Detection of Bacterial DNA From ALS Patients by NGS
We next used NGS to comprehensively analyze the DNA samples from the different CNS regions of the 11 patients. Accordingly, an internal region of the 16S rRNA gene was amplified and sequenced on the Illumina Platform. The number of sequences obtained for each sample varied from 140,818 to 238,088. The bacterial species detected are listed in Supplementary Table 2, with only those with a presentation > 1% shown. In concordance with previous reports, a great variety of species were identified using this technique. The order Sphyngomonodales, the family Methilobacteriaceae and the genus Cupriavidus seemed to be the most prevalent bacterial groups in ALS patients. Interestingly, Sphyngomonodales has not previously been reported in the CNS of control subjects (Branton et al., 2016; Emery et al., 2017; Alonso et al., 2018). The bacterial phyla and orders from the three CNS regions (MC, MD and SC) of the ALS patients are shown in Figure 2. The phyla Actinobacteria and Proteobacteria were found in all three regions of the 11 ALS patients analyzed. The phyla Firmicutes and Bacteriodetes were also prevalent, whereas other phyla were less represented. For example, Fusobacteria was found in only one patient, in all three CNS regions. In addition, we detected a great variability in the bacterial orders present in ALS patients. For instance, Actinomycetales, Burkholderiales and Rhizobiales were detected in all ALS patients, whereas Xanthomonadales was found only in two patients (ALS6, MD and ALS7, SC3). These findings reveal the irregular range of bacteria in the different samples tested, indicating that these bacteria are likely not due to contamination during DNA extraction and NGS analysis.
Principal Component Analysis
Multivariate PCA of the results obtained from the three CNS regions in ALS patients is shown in Figure 3A. The distribution of bacterial species was similar between the three regions, and statistical analysis using the Wilconxon–Mann–Whitney test showed that there were no significant differences between each CNS region (p > 0.05).
The PCA of the present NGS data set was next compared with that previously reported for patients with AD and control subjects (Alonso et al., 2018). The distribution between ALS and AD patients was similar (Figure 3B), however, when the comparison was made between each region from ALS patients and the enthorrinal region from AD patients, the distribution was significantly different (Figure 4A–C). These findings were supported by White’s nonparametric t-test with p-values adjusted for multiple testing using the Benjamini–Hochberg approach in STAMP (Supplementary Figure 2), showing the genera- and species-dependent significant differences. For instance, the bacterial genera Acrobacter, Thermomonas, Hemophylus, Propionibacterium, and Corynebacterium are more represented in MC, MD, and SC regions in ALS patients than in AD patients. Further, Propionibacterium acnes is the most representative in each region with respect to AD patients.

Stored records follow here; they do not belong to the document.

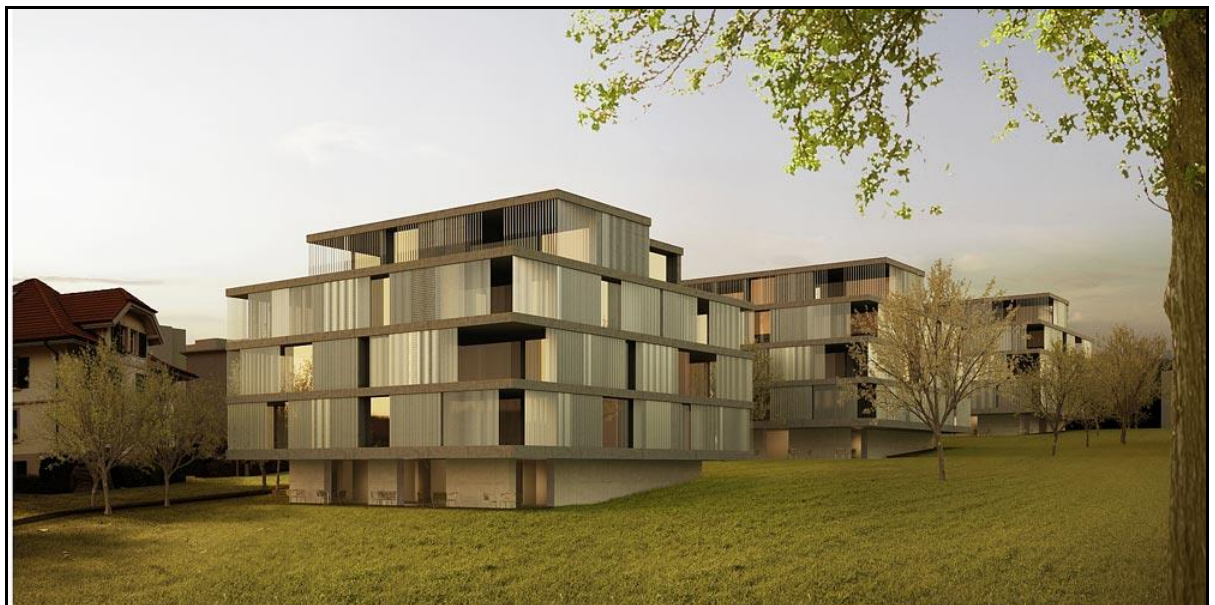
Illustration der geplanten Wohnüberbauung an der Casinostrasse

Die Evangelisch-reformierte Kirchgemeinde Dübendorf ist Eigentümerin von sechs Grundstücken an der Casinostrasse in Dübendorf (Kat-Nrn. 957, 958, 4197, 7034, 10992 und 15950). Auf diesen Grundstücken stehen derzeit zwei alte Pfarrhäuser und ein Schopf, die heute zum Teil fremdvermietet sind. Alle diese Grundstücke liegen in der Zone für öffentliche Bauten. Sie wurden 1986 – als Pfarrhäuser – im Umfeld anderer, dem Bund gehörenden Liegenschaften der Zone für öffentliche Bauten zugeteilt, werden künftig aber nicht mehr zur Erfüllung öffentlicher Aufgaben benötigt. Die Kirchgemeinde beabsichtigt, auf diesen Grundstücken eine Wohnüberbauung zu realisieren, mit alters- und behindertengerechten Mietwohnungen, einer Kinderbetreuungsstätte, einem Gemeinschaftsraum und ein bis zwei Pfarrwohnungen.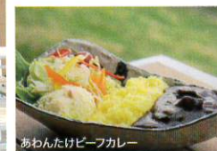
あわんたけびーカレー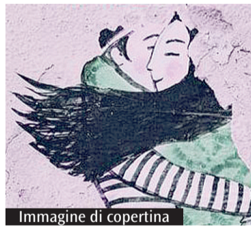
Immagine di copertina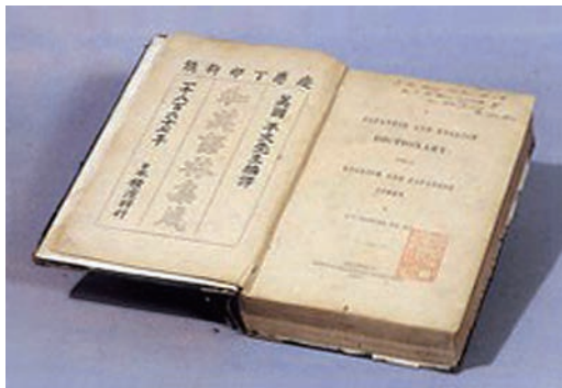
图1 在上海印制的《和英语林集成》（初版）

岸田吟香（1833-1905），日本冈山县人，名太郎，后改名银次。4岁时因暗诵唐诗选，

Finally, we extended this analysis to compare ALS patients with control subjects (Figure 5). Results indicated that there was a small difference in distribution between each region from ALS patients and the control subjects. Only one control (C9) was not in the clustered group. These observations were also supported by the statistical analysis, and we conclude that all ALS samples (MC, MD, and SC) are significantly different from the control group.

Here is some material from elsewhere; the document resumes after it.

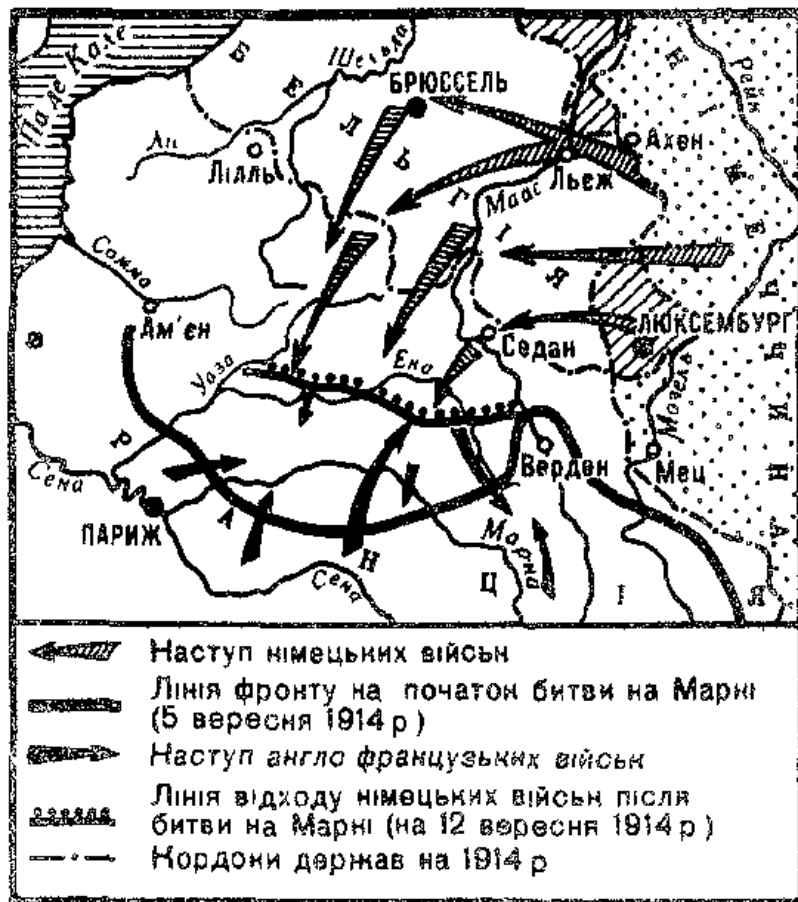
Воєнні дії на Західному фронті в 1914 р

Результатом битви на Марні став остаточний провал "блискавичної війни" — основи плану Шліффена.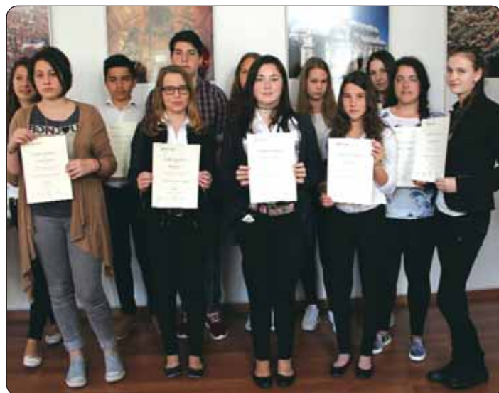
Svi sudionici završnice

„Svima vama čestitam, jer je ipak to jedno državno natjecanje, i to je finala toga državnoga natjecanja, tako da ste svi vi najbolji, svi ste vi među pobjednicima... To što smo se dosta dugo vijećali, također govori o tomu da je bilo diskusije, vezano za bodovanje, za koje bodovanje trebamo reći da je vrlo teško jasno mjeriti nečiji stil ili komunikaciju bez obzira na to da se to mora i da se trudimo. Zato vam se i nude raznoliki zadatci...“; reče uz ostalo nazočnima u ime prosudbenog odbora predsjednica Timea Bockovac. Potom je priopćila rezultate i svim natjecateljima uručila pohvalnice. Po odluci

Detection of Bacteria in CNS Tissue by Immunohistochemistry
To complement the bacterial DNA study, we performed immunohistochemistry to directly test for prokaryotic structures in the CNS of ALS patients. Initially, we performed double immunofluorescence analysis using two different antibodies: a mouse monoclonal antibody against bacterial peptidoglycan (shown in green), and a rabbit polyclonal antibody against Candida albicans (shown in red) (Figure 6). Several prokaryotic morphologies could be detected in different CNS regions by confocal microscopy. For example, a bacilliform structure of 4–7 μm in size was recognized with the anti-peptidoglycan antibody (Figure 6V,X). Smaller bacilli of 1–2 μm were also immunostained with this antibody in some sections (Figure 6B,G). These bacilli are clearly differentiated from yeast-like structures that were recognized with the anti-C. albicans antibody (see for instance Figure 6K). In addition to these prokaryotic morphologies, a variety of immunopositive microbial structures were detected, in good agreement with our recent study (Alonso et al., 2017b). Some of these microbial cells were clearly intranuclear (Supplementary Figure 3). Different bacilli-like morphologies that stained with the anti-peptidoglycan antibody could also be clearly seen. The range in sizes of these structures suggests that they represent different species. Moreover, yeast-like cells and some hyphae were also evident. Most likely, the structures immunostained with the anti-peptidoglycan antibody are prokaryotic in origin, although the anti-C. albicans antibody not only cross-reacts with several fungal species, but also with some bacteria (Pisa et al., 2017). Nevertheless, none of these antibodies recognizes human cells.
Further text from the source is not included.